(Collection entries)
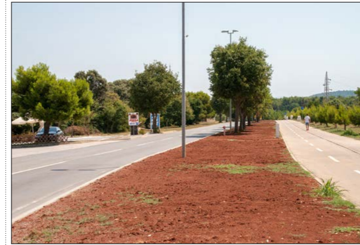
Navodnjavanje buduće zelene površine od Kamika do Oš Banjole
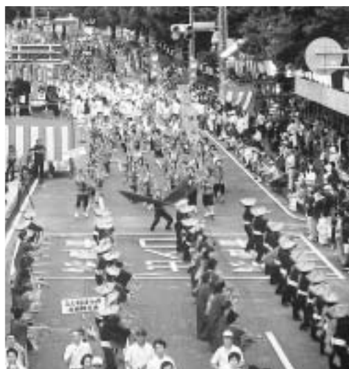
▲ 3,000人を超える市民が参加し盛り上がった市民総おどり
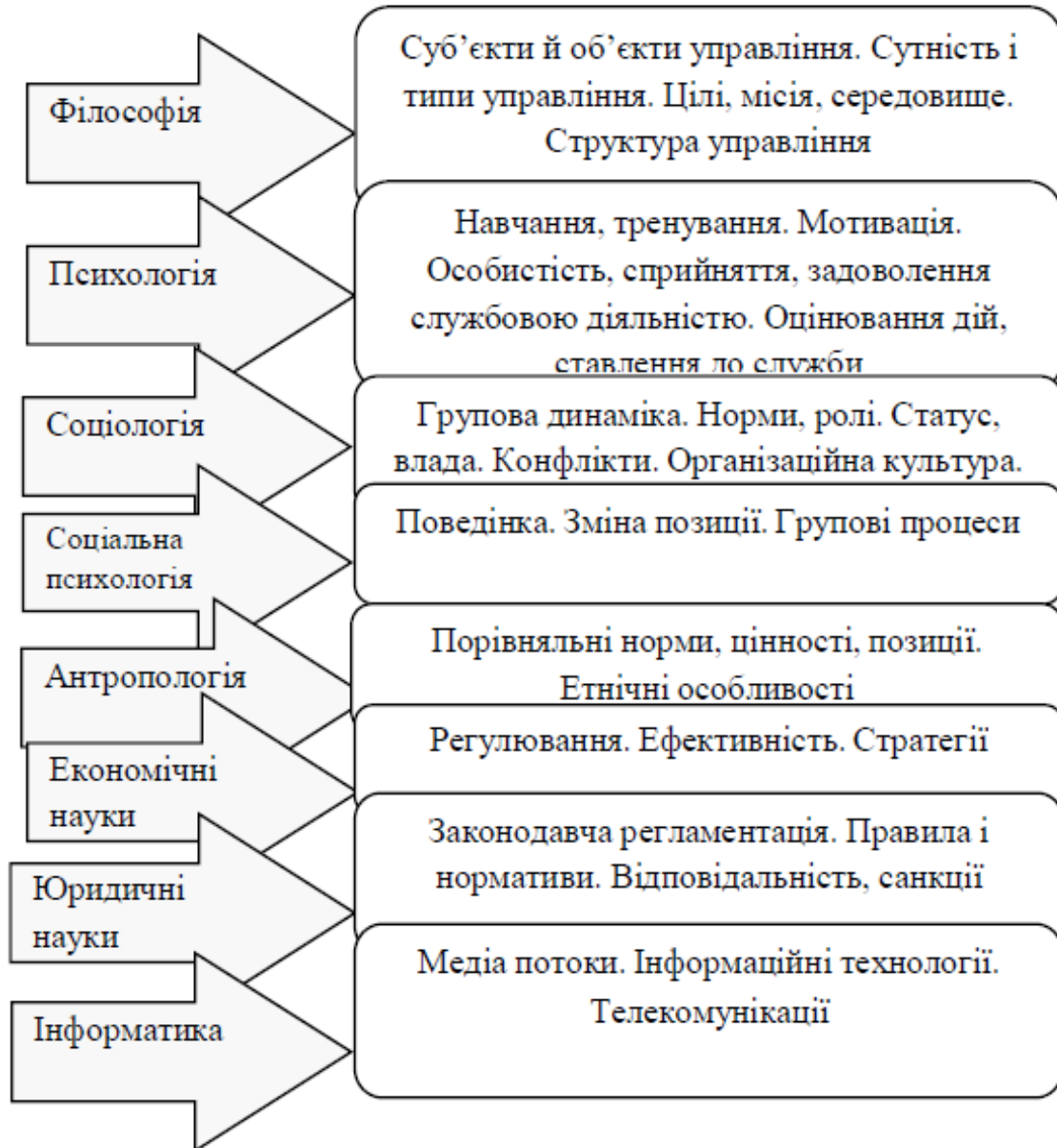
Рис. 2. Система наук про управління

Теорія воєнно-соціальної організації покликана використовувати досягнення гуманітарних наук (рис. 2).
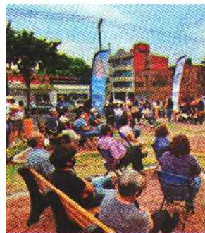
Puras promesas a vecinos

El 6 de junio, se conocerá con precisión que tan buen trabajo realizaron los alcaldes que buscan la reelección.
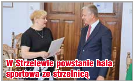
W Strzelewie powstanie hala sportowa ze strzelnicą
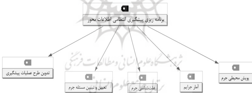
نمودار ۱: شبکه مضامین اصلی شاخص‌های برنامه‌ریزی پیشگیری انتظامی اطلاعات‌محور

همانطور که نمودار ۱ نشان می‌دهد، شاخص‌های برنامه‌ریزی پیشگیری انتظامی اطلاعات‌محور در قالب ۵ مضمون اصلی شناسایی شد که در ادامه مضامین فرعی آورده شده است:
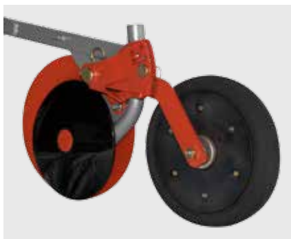
Однодисковый сошник ACCORD CX, междурядия от 9,5 см
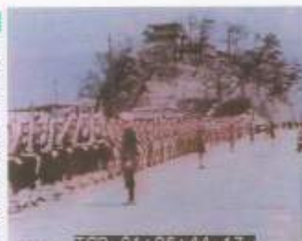
各地に進駐する連合軍(英国軍) 1945.11
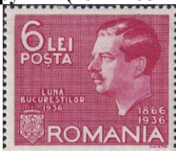
9. Марка Румынии, король Кароль II, 1936г.
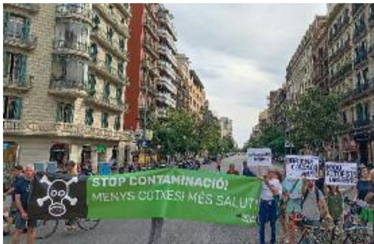
El tall de dilluns a la tarda al carrer Aragó.

"És l'hora que els veïns i veïnes recuperin el carrer on viuen i que el cotxe, principal prota-
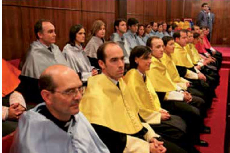
Un momento de un acto de investidura

Una antropología trascendental para la educación. (La acción educativa según el pensamiento de Leonardo Polo). Facultad de Filosofía.
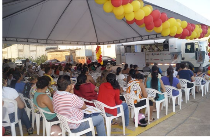
Curso do Cozinha Brasil em parceria com a Clínica Renal em 2016

As capacitações são abertas para a comunidade, mas as vagas são limitadas a 80 inscrições para a primeira turma e 60 para a segunda. Os cursos serão realizados no SESI, localizado na Avenida Bri-
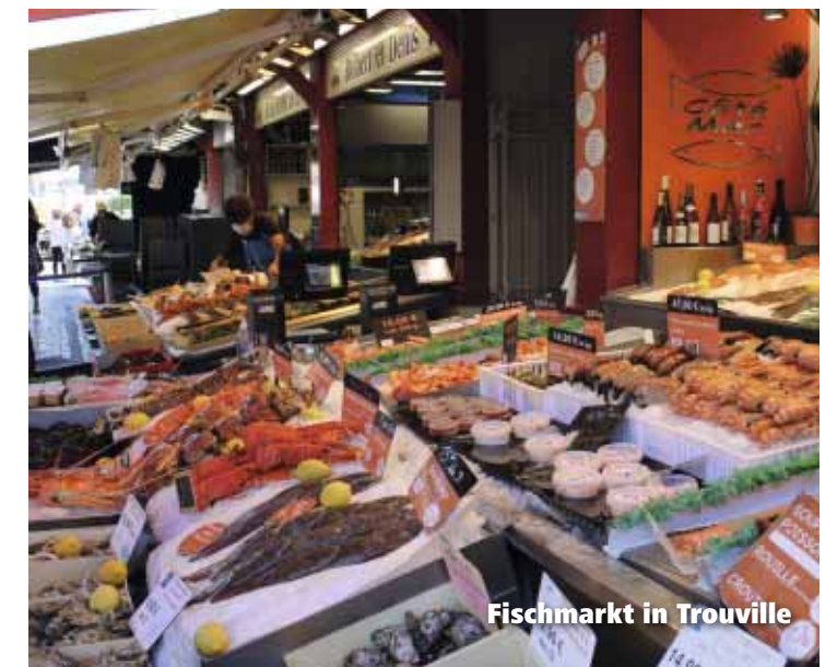
Fischmarkt in Trouville
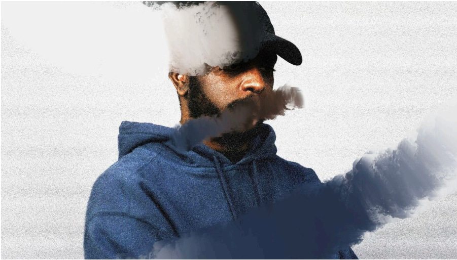
Press Shot 1 by Kay Ibrahim.jpg
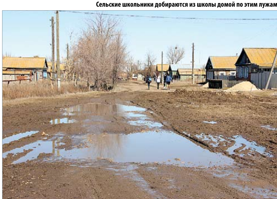
Сельские школьники добираются из школы домой по этим лужам

По подсчетам администрации поселения, за год поголовье скота в личных подворьях увеличилось на 9–11 процентов. Возмож-
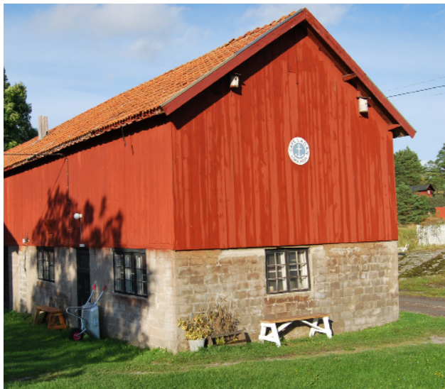
För att bevara äldre ekonomibyggnader kan en ny användning vara en lösning. Café i en av ladugårdslängorna i Löka by

Äldre ekonomibyggnader är viktiga inslag i landskapsbilden och för att bevara den äldre bykaraktären. Ny användning av äldre ekonomibyggnader s.k. överloppsbyggnader kan vara möjlig, men en ombyggnad ska ske med hänsyn till byggnads karaktär och uttryck.
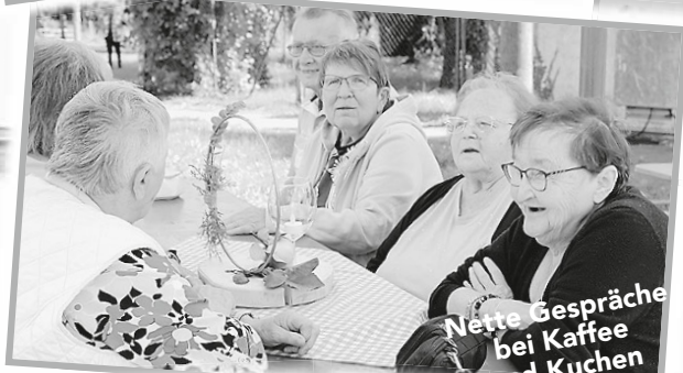
Nette Gespräche bei Kaffee und Kuchen

• und zu guter Letzt ein herzliches Dankeschön an alle Mitstreiter im Ortschaftsrat für die Planung, die gute Zusammenarbeit und den aktiven Einsatz über die Kirchweih. Sei es beim Aufbau, sichernd am Kletterbaum, mit guter Laune bei der Kärwa-Gaudi, im Ausschankwagen oder bei der Kaffee- und Kuchenausgabe auf dem Dorfplatz.
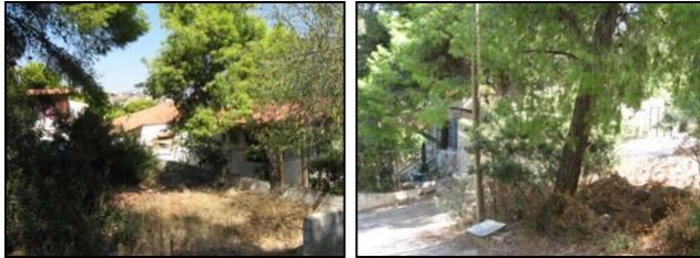
Παραδείγματα σπιτιών που απειλούνται από δασική πυρκαγιά λόγω της βλάστησης, των σκουπιδιών και της συσσωρευμένης νεκρής ύλης σε γειτονικούς χώρους.

Σημαντικό ρόλο για την πιθανότητα μιας κατοικίας να γλυτώσει σε περίπτωση πυρκαγιάς παίζουν τα υλικά κατασκευής της, η τοποθεσία και η βλάστηση που υπάρχει γύρω της. Γενικά ισχύει ο κανόνας ότι «μία κατοικία είναι τόσο ευάλωτη όσο το πιο αδύναμο σημείο της». Επίσης είναι σημαντική η δυνατότητα πρόσβασης πυροσβεστικών οχημάτων σε αυτήν, η προετοιμασία της κατοικίας και του περιβάλλοντος χώρου από τους ιδιοκτήτες αλλά και οι ενέργειές τους πριν και κατά την άφιξη της πυρκαγιάς.
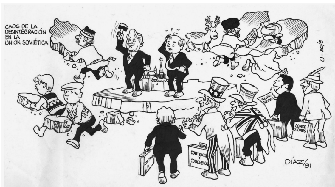
Figura 14 CAOS DE LA DESINTEGRACIÓN EN LA UNIÓN SOVIÉTICA, 1991. TINTA CHINA

La caída del bloque soviético es registrada por Hugo Díaz mediante no solo la caricatura que ya se analizó al comienzo de esta exposición, sino que también una imagen muy sugerente que aparece en 1991.
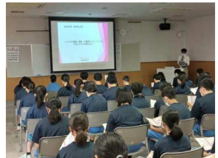
市役所の方のお話を聞く1年生

1年生は、1回目の1日総合で「便利で住みやすい地域」という埴生地区の良さを見つけることができました。2回目の1日総合では、埴生地区が住みやすい地域になっている理由について、町づくりの観点から、千曲市役所の各部署の担当の方をお呼びし、お話をお聞きしました。また、実際に地域に出かけ、地域の方からもお話を伺うことができました。自分たちが暮らす地域の良さについて再認識すると共に、駅前商店街の活性化などの課題についても知ることができました。市役所の方からは、市民ギャラリーの活用方法など生徒に向けての宿題も出されました。
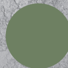
P119 OLIVE GREEN

Popustte uzdu fantazii a vytvořte povrchy, které budou skutečně originální. Inspirujte se na www.betone.cz .
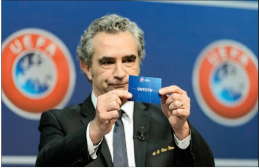
النجم الفرنسي السابق روشو يسحب القرعة

بينما قام بعملية السحب، دومينيك روشو الفائز مع المنتخب الفرنسي بلقب يورو 1984.
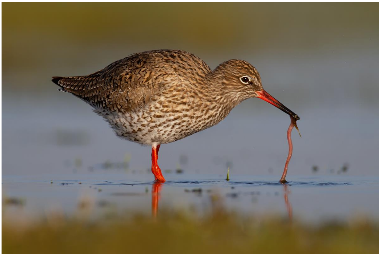
Tureluur met worm in plasdras
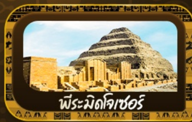
พีระมิดโจเซอร์
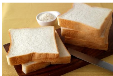
▲パン品質改良剤使用例

パンの品質向上（ボリュームや食感等）や安定的な生産（品質安定、ロスの削減等）に寄与する品質改良剤を、用途別に紹介します。
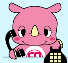
印西市マスコットキャラクター 「いんざい君」
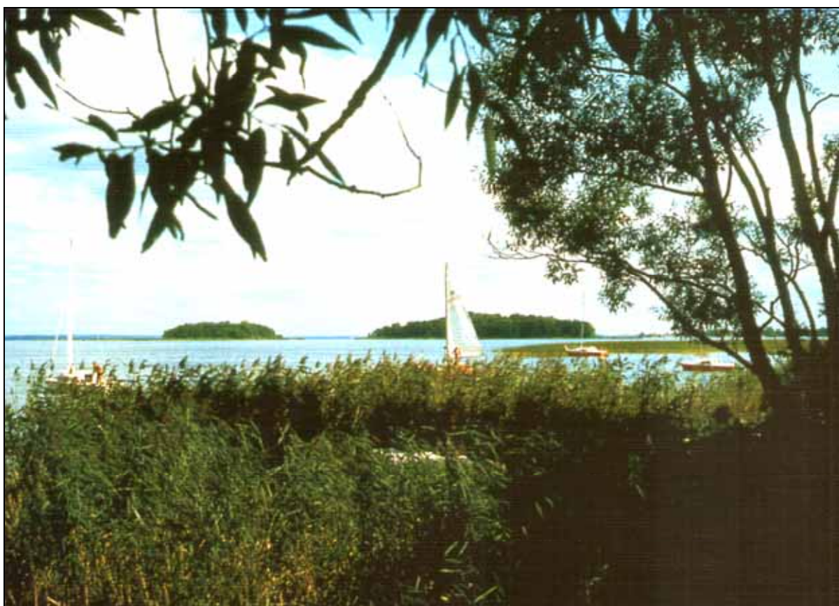
Die Inseln Spirdingwerder und Fort Lyck (Teufelswerder) auf dem Spirdingsee / Masuren

V.i.S.d.P.: Kreisgemeinschaft Johannesburg e.V.
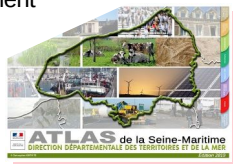
Atlas cartographique 2019

D évelopper et valoriser l'analyse territoriale pour une meilleure connaissance des enjeux du territoire et coordonner les acteurs de l'aménagement
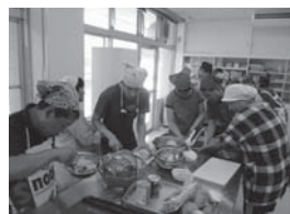
調理実習 カレーライス作り
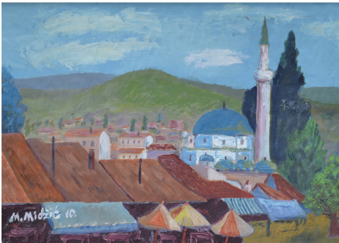
Bašćaršija , 50x70 cm, ulje na platnu, 2010. godina
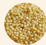
Semillas mijo pelado
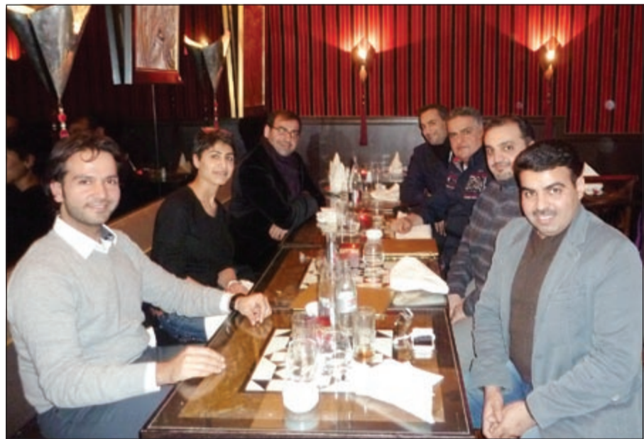
جانب من الملتقى

تحقيق الغاية السامية من هذه المتطلبات التي لها اثر ايجابي لخبرات الاطباء في المستقبل وما يعكس التطور العلمي والثقافي للمجتمع. وأكد انه تمت مناقشة تمديد سنوات الدراسة الطبية لتكملة التخصص الدقيق بعد التخرج كسنوات الزمالة الطبية، تكريم الاطباء المتخرجين من فرنسا من قبل الجهات الحكومية الكويتية المسؤولة. وأشار الى انه تمت المطالبة بتمديد سنة رئيس العيادات الطبية للأطباء (الشفيد دو كلينيك) التي سنتين دراسيتين أسوة بالطالب الفرنسي في نظام البورد الخاص للتخصص الطبي التابع لهم، لما في هذه السنتين من فائدة مهمة وضرورية للأطباء المتخصصين في نيل الوقت الكافي واللازم لاتقان تخصصهم الجراحي وممارسة مسؤوليتهم الطبية والعملية في اتخاذ القرارات الصحية في مجال عملهم الطبي.
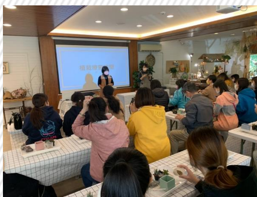
青年創業經驗分享
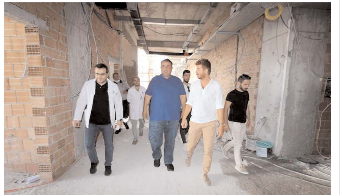
Milletvekili Av. Oğuzhan Kaya, çalışmaların son durumu hakkında bilgi aldı.
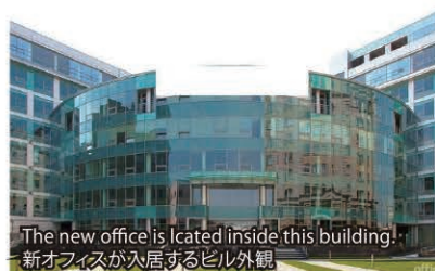
The new office is located inside this building! 新オフィスが入居するビル外観

LLC "Enagic Russia" Letnikovskaya Str. 10 bldg. 4, floor 1, 115114, Moscow, Russia Phone: +7 (495) 988-02-05; Fax: +7 (495) 988-02-06
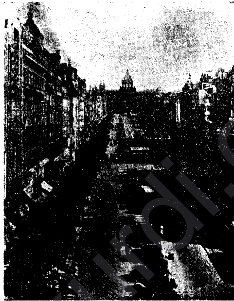
Şarîstanê Ewropayê mirêkên pêşveçûna wê erdê ne.
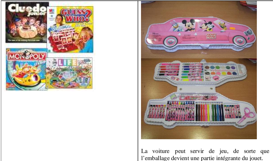
La voiture peut servir de jeu, de sorte que l'emballage devient une partie intégrante du jouet.
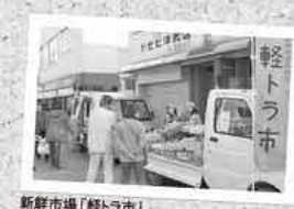
新鮮市場「軽トラ市」

『なんでも糸島 収穫祭』~いただきます! 糸島~実りの秋。糸島の恵みを実感しよう!
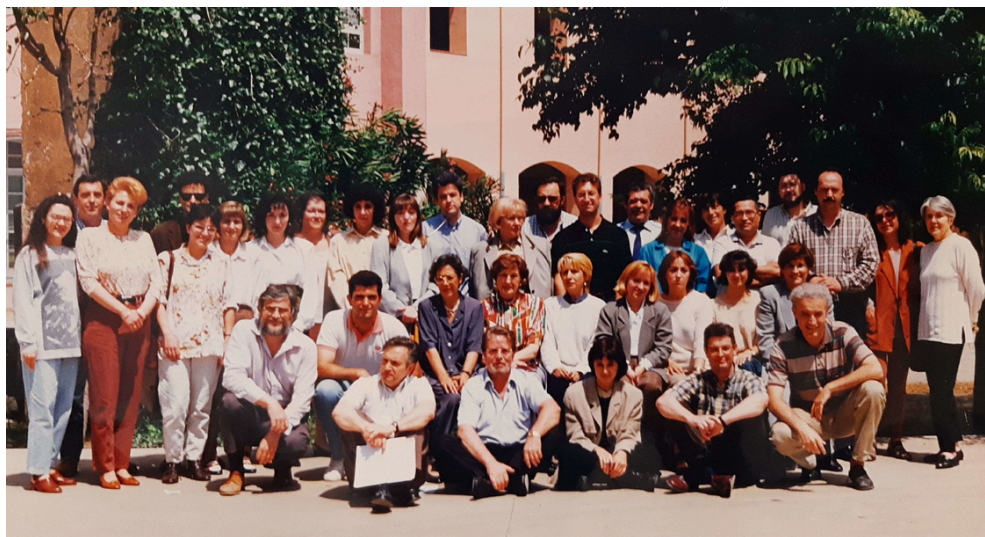
Professorat de l'INS Narcís Monturiol (anys 90)

Companya, companys, allà on sigueu... Una abraçada molt gran!
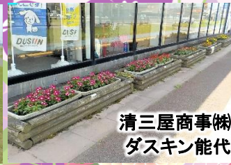
清三屋商事(株) ダスキン能代
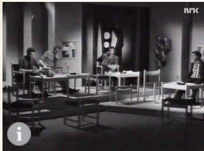
Profil -forfatterne i tv-studio. Du kan lære mer om Jan Erik Vold og denne tida på NRK Skole.

☞ Felles for Vold og de andre lyrikerne i Profil -kretsen var deres opposisjon mot den tradisjonelle etterkrigsmodernismen. De mente den var for innadvent og alvorlig, og tynget av komplekse symboler
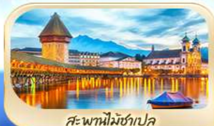
สะพานไมซ์ฮาป
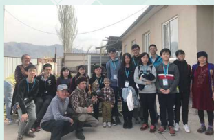
「一帶一路」哈薩克斯坦考察之旅

為使學生發展多元智能，使其身、心、靈均獲全面均衡的發展，本校提供各式各樣的課外活動，包括宗教、學術、體藝、興趣及服務五類，以配合學生不同性向的發展。此外，學生通過參加各服務團隊（包括紅十字團、少年警訊、公益少年團、交通安全隊、童軍、民安隊、升旗隊等），讓他們建立自信和責任感，服務社會，成為良好學生及公民。中一級推展「一人制服」計劃，所有同學均須參加一項服務／制服團隊。（本校設有學生活動支援津貼及全方位學習津貼，資助同學參與校內、校外／境外活動。）
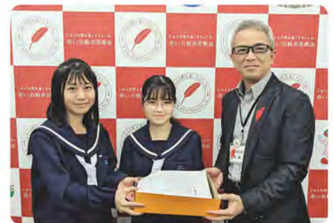
大里中学校より学童募金の贈呈(3/10)

Brief:
Gather and copy every line of the data in which the string "انتظامی" is found.

Completed exercise:
نمودار ۱: شبکه مضامین اصلی شاخص‌های برنامه‌ریزی پیشگیری انتظامی اطلاعات‌محور
همانطور که نمودار ۱ نشان می‌دهد، شاخص‌های برنامه‌ریزی پیشگیری انتظامی اطلاعات‌محور در قالب ۵ مضمون اصلی شناسایی شد که در ادامه مضامین فرعی آورده شده است:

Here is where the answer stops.